(Study material):
== Segment start ==

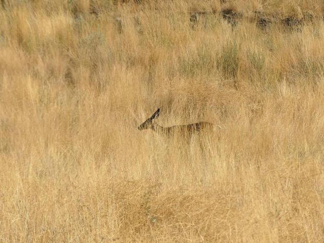 In colonial culture, it is considered a weed. Surely, that speaks volumes. Take another look. The person below is indigenous to this space, and even to the wheat grass she is walking through, but not to the system of roads and houses both she and the grass are placed in, or the relatively pure stand of seeded grass (to stabilize infill from road construction) she is passing through. That is Canadian space. Property developers (for what else is colonialism but property development???) are native to that space. Not mule deer.
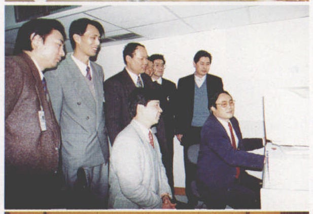 4.1996年3月28日, 中共四川省委副书记杨崇汇在于晓军总经理等陪同下视察新时代广场卫星电话通讯情况。
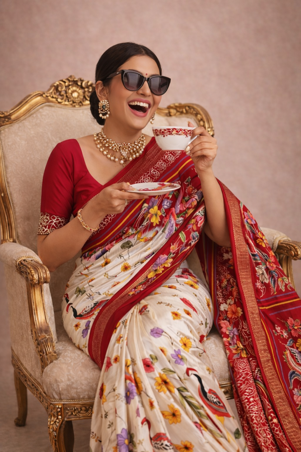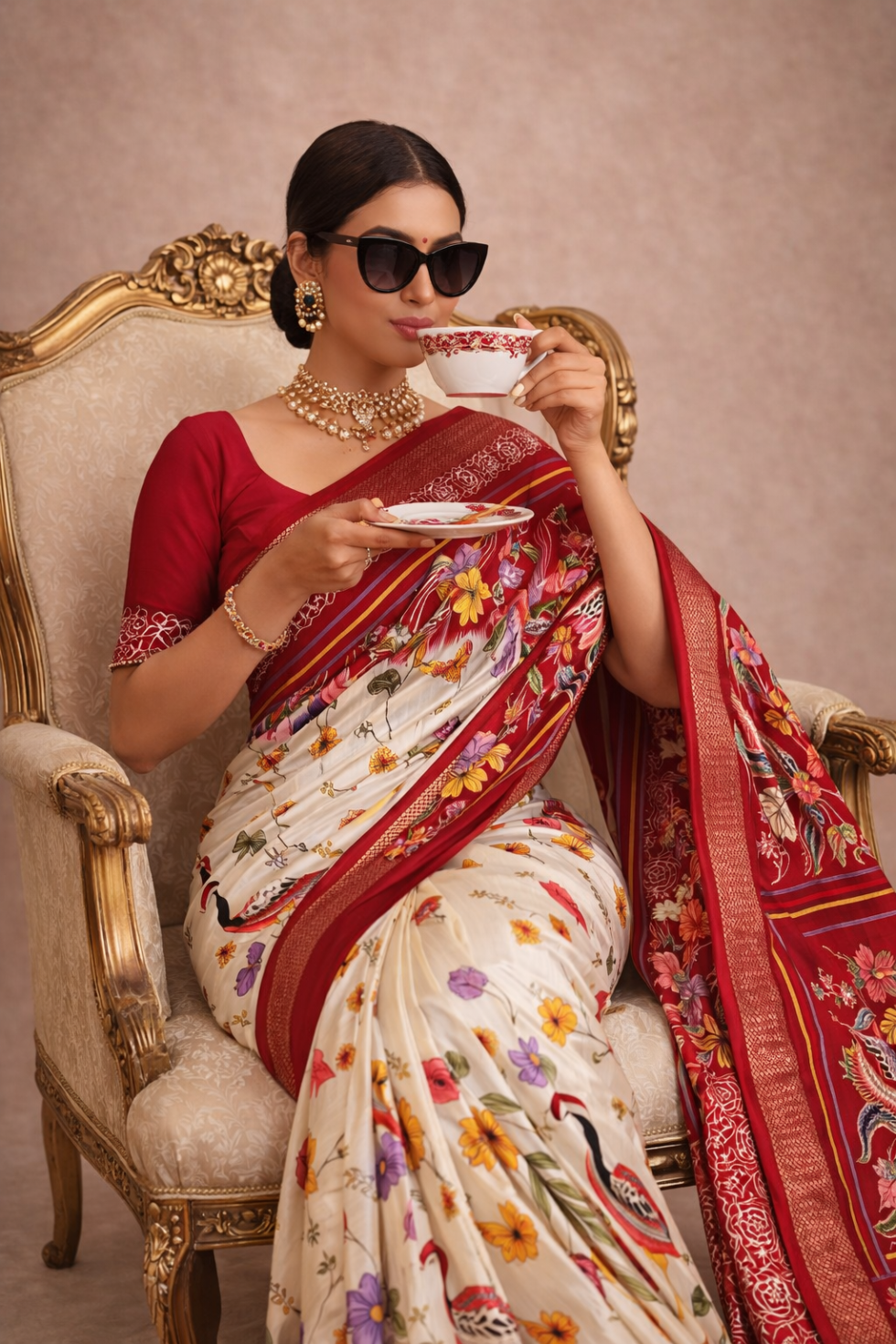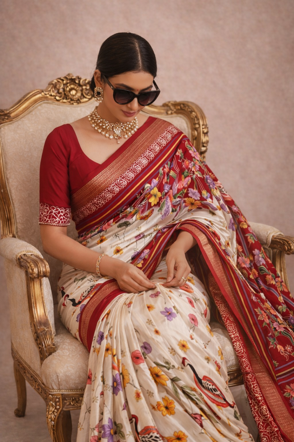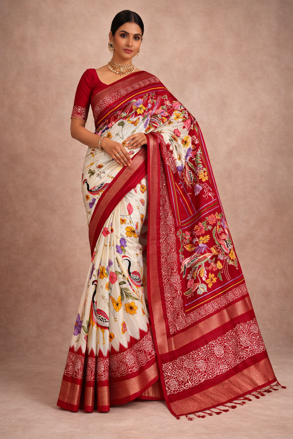 *Adorned with rich gold borders, the saree exudes luxury and grace. The Rich pallu and Contrast blouse complement the full saree, making it a complete ensemble of opulence.*
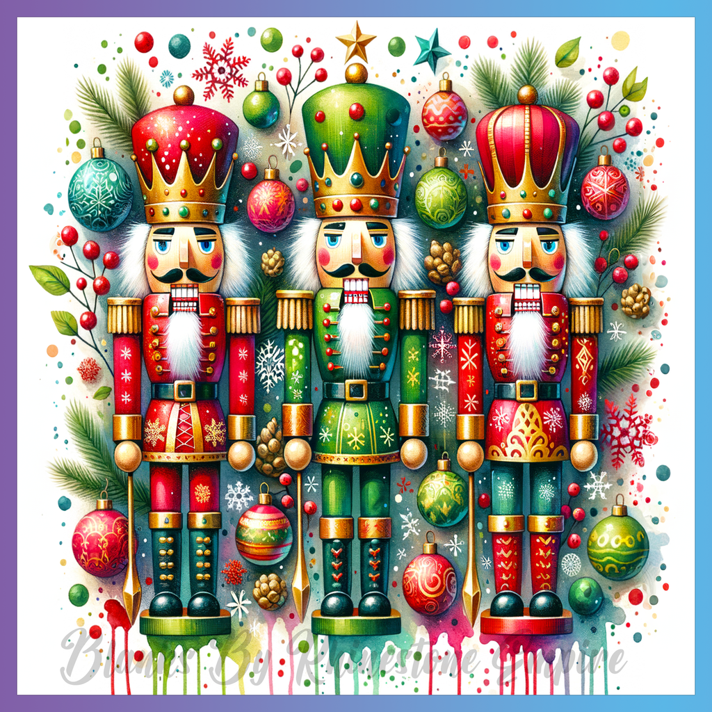 Theme: Nutcracker with colorful, ornaments, Christmas, festive.
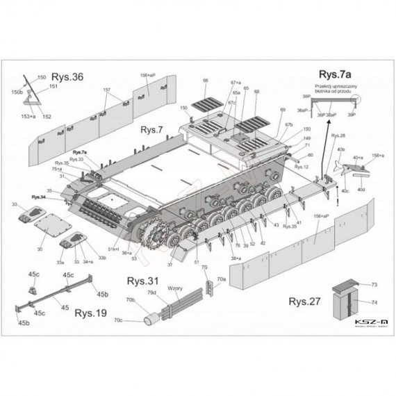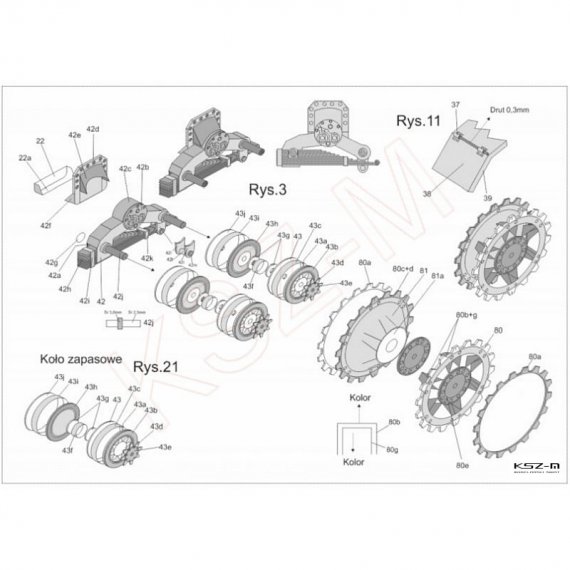 - gąsienice wycinane i grawerowane laserowo
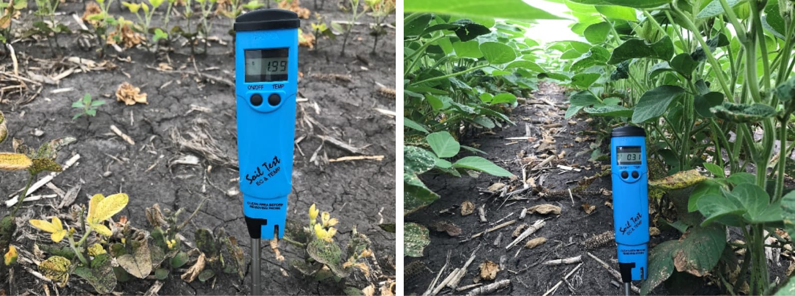 I tested many soils this past summer with much higher-than-average salt levels. A good IDC tolerant (not resistant) soybean can handle salts up to nearly 1.25 mmho/cm. I tested more than a few IDC-affected areas this summer with results ranging from 1.75 to over 4 mmho/cm. This high of a result makes it evident that the damage is a result of salts near the root zone.
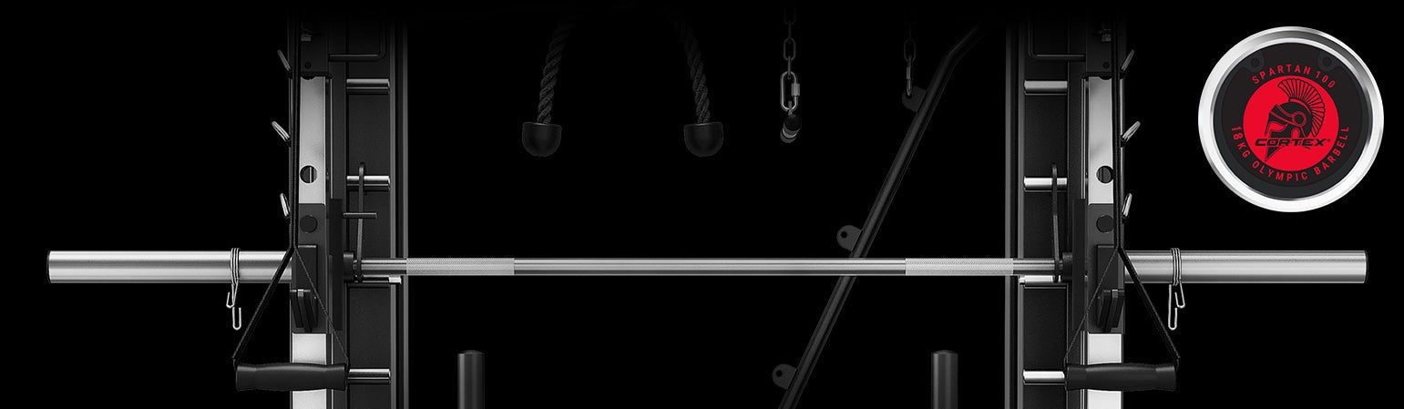 Included is an 18kg solid steel smith bar made from the same materials as our robust Spartan100 Barbell. With Olympic 7ft sizing and a maximum weight rating of 220kg, this barbell ensures stability and confidence under heavy loads. Its precise knurl gripping offers a secure hold, while needle bearings provide smooth rotation, making it perfect for simulating an Olympic barbell experience.

== Segment end ==

(Work order):
Output exactly the lines of the listing above that start with the one holding "Theme: Nutcracker with" and go on through the one holding "I tested many"; leave the pictures out.

(Exercise result):
 Theme: Nutcracker with colorful, ornaments, Christmas, festive.
 - gąsienice wycinane i grawerowane laserowo
 I tested many soils this past summer with much higher-than-average salt levels. A good IDC tolerant (not resistant) soybean can handle salts up to nearly 1.25 mmho/cm. I tested more than a few IDC-affected areas this summer with results ranging from 1.75 to over 4 mmho/cm. This high of a result makes it evident that the damage is a result of salts near the root zone.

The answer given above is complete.